A new method to analyze δ15N of phenylalanine and glutamic acid to reconstruct spatial and temporal variations in N sources and trophic structures

Lin Zhang, Texas A&M University Corpus Christi, Corpus Christi, TX, United States, Charlotte Wing Man Lee, Texas A&M University-Corpus Christi, Corpus Christi, United States, Chongxiao Ji, Texas A&M University Corpus Christi, Corpus Christi, United States, Rupsa Roy, University of Massachusetts Dartmouth, New Bedford, MA, United States, Ava Kreider-Mueller, University of Massachusetts Dartmouth, School for Marine Science and Technology, New Bedford, MA, United States and Mark A Altabet, Univ Massachusetts Darmouth, New Bedford, United States
Compound-specific nitrogen (N) isotope analysis (δ15N) of individual amino acids (AA) is a powerful tool for tracing N source, N utilization patterns, and trophic fractionation in biogeochemical cycles and foodwebs. The δ15N of phenylalanine (Phe) retains the baseline δ15N values, decoupled from the effects of trophic transfer, while glutamic acid (Glu) demonstrates significant 15N enrichment with each trophic transfer. The δ15N of Glu and Phe in one single sample can thus yield information of both the N source and trophic position, which provides a better interpretive power than bulk δ15N.

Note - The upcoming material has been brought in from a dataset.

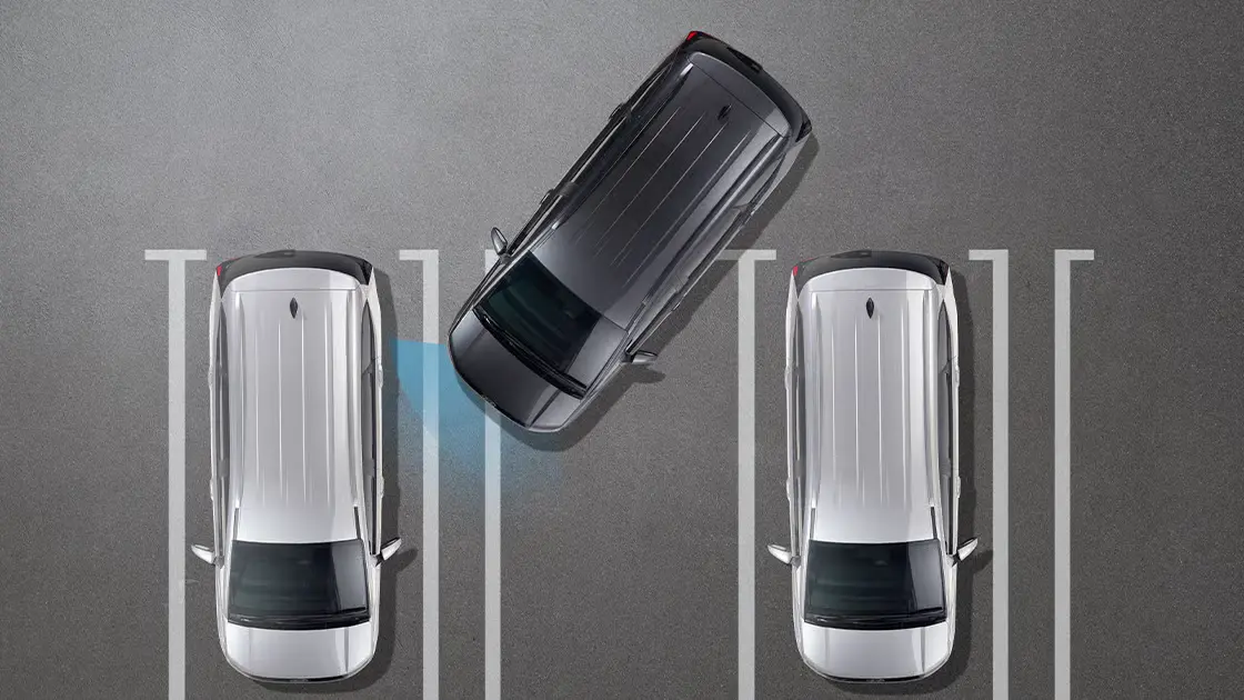 Fitur ini membantu mendeteksi kendaraan yang mendekat di area blind spot dan memberikan peringatan melalui lampu indikator, suara, dan pesan di layar. Jika terdeteksi risiko benturan saat keluar dari parkir paralel, sistem dapat membantu melakukan pengereman untuk menghindari benturan membantu pengereman darurat.

We developed a method using Ion Exchange Chromatography –Pulsed Amperometric Detector to separate and collect underivatized AAs. Collected AAs are directly oxidized to nitrite by hypochlorite, which skips the evaporation to dryness step required by the Gas Chromatography-Combustion-Isotopic Ratio Mass Spectrometry (GC-C-IRMS) approach. Hypochlorite specifically oxidize the amino-N only, greatly reducing the potential interferences from other N species. Resulted nitrite can be converted to N2O via azide and δ15 N2O is measured using Purge Trap-IRMS. Our method can analyze 17 AAs with high precision (<±0.5‰). The accuracy of our method was tested by analyzing 4 individual glutamic acid standards (USGS 40 and 41a) and 4 in-house phenylalanine standards with a wide range of δ15N at natural abundance levels. Their δ15N values measured by our method are linearly correlated with the values provided by USGS with slopes of 1, proving that δ15N can be retained with high reliability after multi-preparation steps. This method allows a precise and sensitive δ15N measurement of most amino acids, especially the two important “source (Phe)” and “trophic (Glu)” AAs. Gulf of California, Equatorial Pacific, and Sargasso Sea have different spatial and temporal N sources and utilization patterns caused by wind-driven upwelling and/or El Niño. Analyzing the δ15N of Phe and Glu in sinking particles and sediments in these regions allow to reconstruct the variations of N sources and trophic structures.